Si Wiebes a fait honneur à son statut d’épouvantail sur une course traditionnellement favorable aux engagés les plus rapides, son finish de tueuse n’est pas la seule clé de son succès. Elle peut tirer un énorme coup de casquette à sa coéquipière Lotte Kopecky, qui a réussi à la ramener, au prix d’une poursuite monstrueuse, sur Elisa Longo Borghini (UAE Team ADQ).
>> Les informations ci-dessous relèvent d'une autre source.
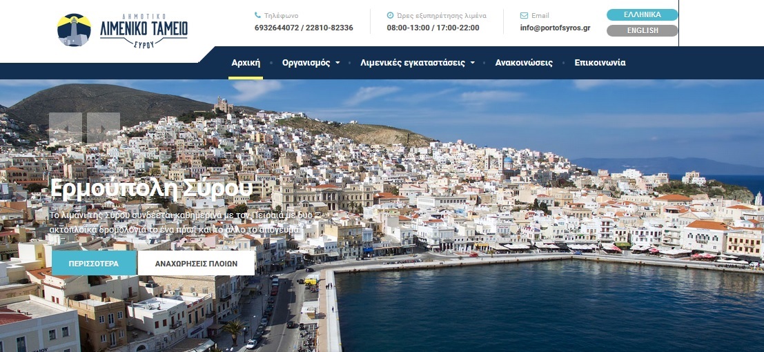Απόφαση που ήρθε να αγκαλιάσει τις ανάγκες ενημέρωσης των επισκεπτών που προσεγγίζουν τη Σύρο, την Κέα, την Κύθνο και τη Σέριφο αποτελεί και η δημιουργία του σύγχρονου portal (portofsyros), το οποίο και δημιουργήθηκε με απόφαση του ΔΣ, με σκοπό την παροχή πληροφοριών προς τους χρήστες τόσο των λιμένων, όσο και των αλιευτικών και τουριστικών καταφυγίων. Ειδικότερα, με δαπάνη που ανήλθε στο ποσό των 9.280 ευρώ εντός ενός μήνα, προέκυψε η πληρέστατη ιστοσελίδα του Λιμενικού Ταμείου Σύρου, η οποία και παραδόθηκε στο ΔΣ, λίγο πριν την επίσημη παρουσίασή του στις 29 Ιουνίου του 2016. Το συγκεκριμένο εργαλείο, η διαδικτυακή πύλη, παρέχει τη δυνατότητα ενημέρωσης στους ενδιαφερόμενους πολίτες σε επίπεδο παροχών προς τα σκάφη, τα ιστιοπλοϊκά και τα κότερα, καθώς επίσης περιλαμβάνει, τα προγράμματα της κρουαζιέρας και τις προγραμματισμένες προσεγγίσεις, ενώ παρέχει ενημέρωση για τα βασικά και απαραίτητα χαρακτηριστικά των λιμενικών εγκαταστάσεων στο σύνολο των νησιών. Επιπλέον, σε ειδική κατηγορία γίνεται αναφορά σε μεγάλα έργα και παρεμβάσεις αναβάθμισης των χερσαίων ζωνών, ενώ περιλαμβάνεται και ξεχωριστή μνεία για θέματα πολιτιστικής κληρονομιάς που συνδέονται με τις ζώνες ευθύνης του Λιμενικού Ταμείου Σύρου. Αξίζει να επισημανθεί πως, βασικό χαρακτηριστικό του portal είναι η ανάδειξη των τεσσάρων νησιών μέσω αξιόλογου φωτογραφικού υλικού, ενώ πρέπει να καταστεί σαφές ότι, το περιεχόμενό του επικαιροποιείται συστηματικά.

L’expérimentée Italienne s’était fait la malle au pied du Poggio, à deux kilomètres de la ligne d’arrivée, et l’on a cru jusqu’au bout qu’elle allait refaire l’une des flibusteries les plus fameuses de ces dernières années sur la côte ligure : celle de Vincenzo Nibali, parti en solitaire pour déjouer les sprinteurs sur la Via Roma en 2018. Las. Kopecky est allée cueillir l’Italienne à 250 mètres de la ligne, offrant sur un plateau l’emballage final à Lorena Wiebes, à jamais la première à décrocher les lauriers d’une course renaissante. Et sans doute pas pour la dernière fois.
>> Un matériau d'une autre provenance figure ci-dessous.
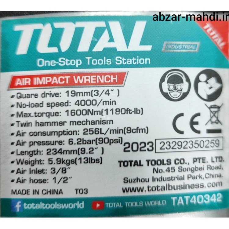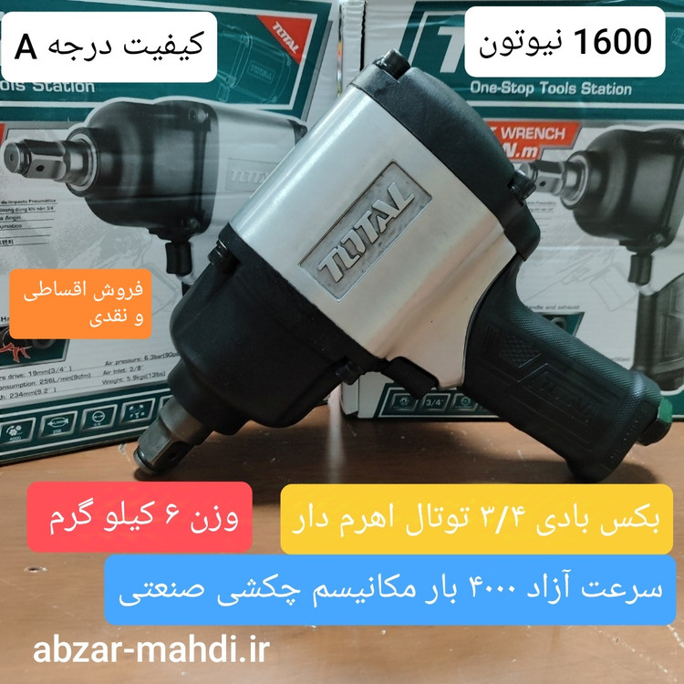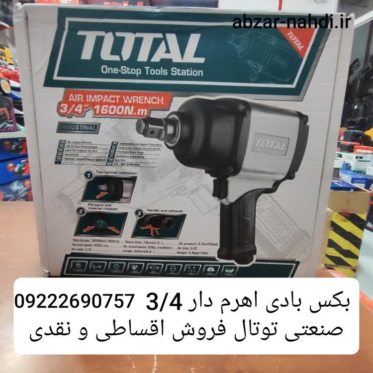 - بکس بادی توتال 3/4 اینچ: مشخصات و توضیحاتبکس بادی توتال با دایره درایو 19mm (3/4 اینچ) یکی از ابزارهای قدرتمند و کارآمد برای مصارف صنعتی و تعمیرگاهی است. این ابزار با طراحی خاص و تکنولوژی پیشرفته، به شما کمک میکند تا کارهای پیچیده خود را به سادگی و سرعت انجام دهید. در ادامه به بررسی مشخصات فنی و ویژگیهای این بکس بادی میپردازیم.#### مشخصات فنی:

Un trio pour la gagne chez les hommes
Du côté des hommes, la Primavera a tenu ses promesses d’une des courses à la meilleure dramaturgie. Non contente d’offrir un décor dantesque, une route coincée entre l’azur de la mer et l’âpreté de la roche, elle offre la possibilité d’une histoire toujours réécrite. Cela faisait des années que l’ultime difficulté du parcours, le fameux Poggio, n’avait pas été abordée par un groupe de moins d’une trentaine de coureurs. Voilà qu’ils ne furent que trois, après que Tadej Pogacar (UAE Emirates XRG) a tiré d’un grand coup la nappe sur la table dressée, faisant tout exploser dans la Cipressa, à 25 bornes du terme. Dans sa roue, seuls le spécialiste des classiques Mathieu van der Poel (Alpecin-Deceuninck) et le chouchou des tifosi Filippo Ganna (Ineos Grenadiers) ont réussi à suivre, le Français Romain Grégoire (Groupama FDJ) étant contraint de lâcher après avoir un temps accroché la remorque.
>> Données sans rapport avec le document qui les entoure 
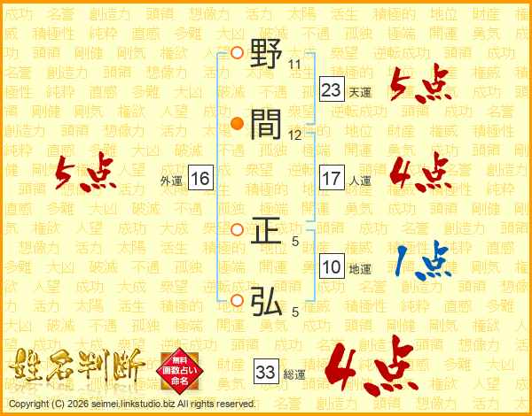 野間正弘さんの天運は23画の5点!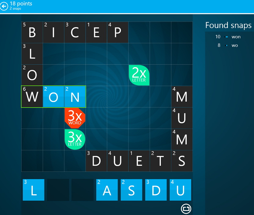 Im Spiel selber hat man die Möglichkeit alles an bisherigen Wörtern zurückzusetzen, oder per Doppelklick auf einen Buchstaben, diesen wieder zurückzuziehen.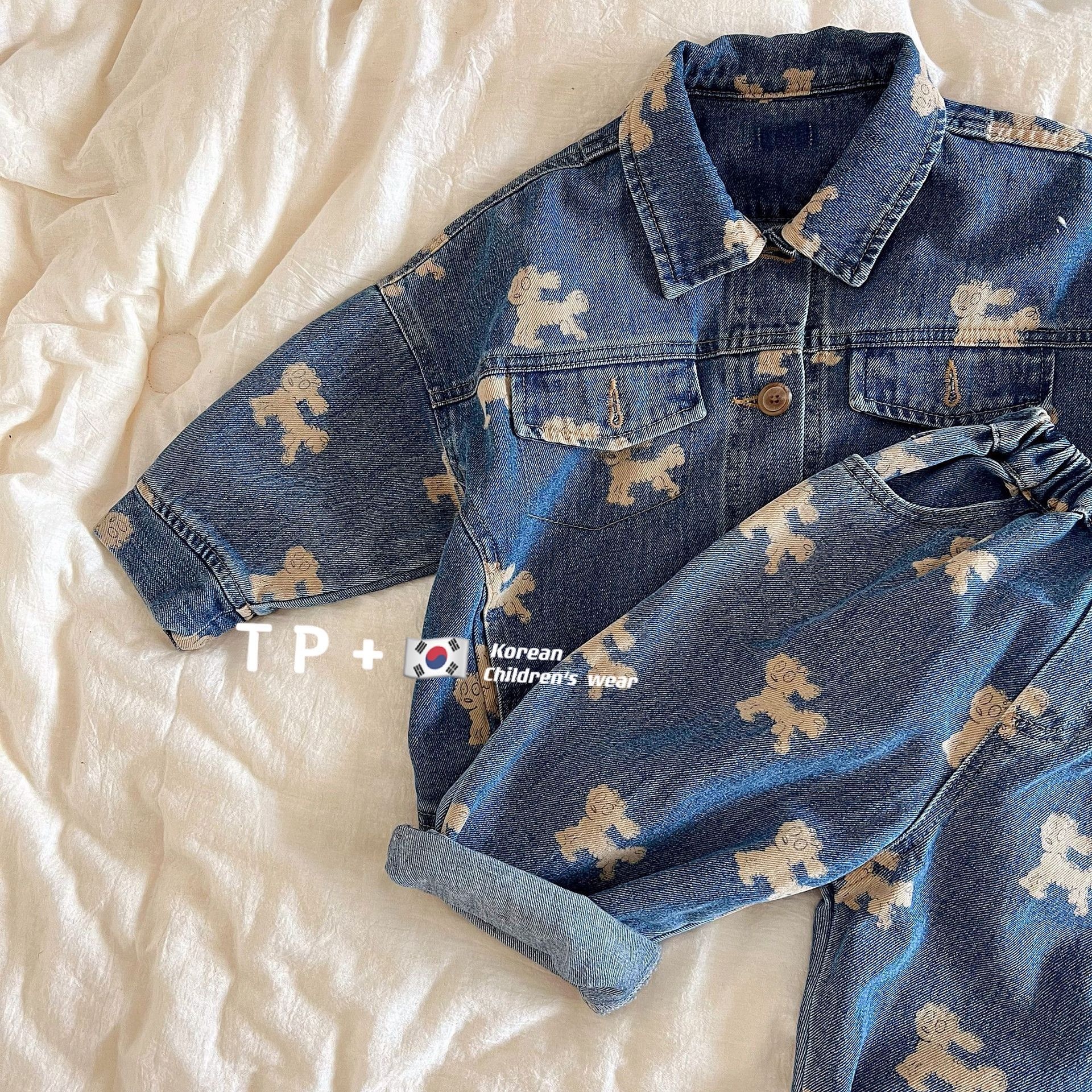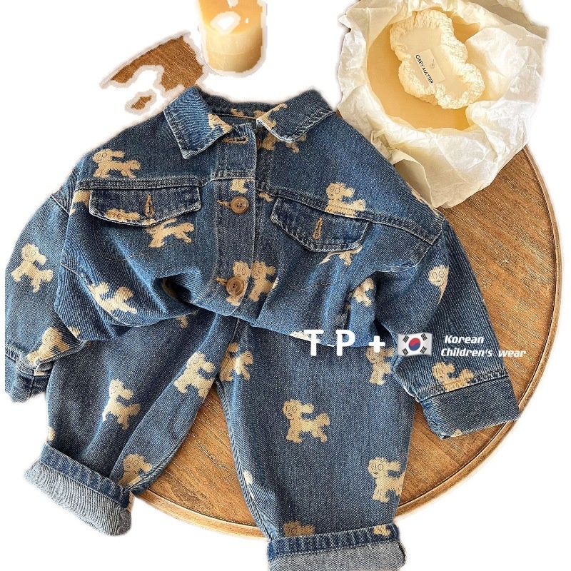Flathead Children's Jacket Spring Korean Version Boys And Girls Cartoon Print Denim Baby Cardigan

Le trio prit rapidement une minute sur le reste d’un peloton sacrément amaigri au milieu des pins parasols, filant vers le Poggio comme on va vers son destin. Dans cette dernière montée, rebelote : Tadej Pogacar appuya sur le détonateur dès le pied, décrochant immédiatement Ganna, le plus lourd des trois. Mais malgré des relances après chaque virage en épingle ou presque, le champion du monde en titre ne parvint pas à se défaire de Van der Poel, grimaçant mais plus que jamais sparadrap. La descente ne permit pas non plus de départager le Slovène et le Néerlandais. Qui virent revenir, peu avant la flamme rouge, l’opiniâtreté faite homme : Filippo Ganna. Les voilà à trois au moment de lancer le sprint sur la Via Roma et, à ce jeu, Mathieu Van der Poel a prouvé, une fois de plus, qu’il est le plus fort. Il suffisait de tenir jusque-là pour s’offrir le deuxième Milan San Remo de sa carrière, son septième Monument. Comme un certain Pogacar, sur la troisième marche du podium ce jour.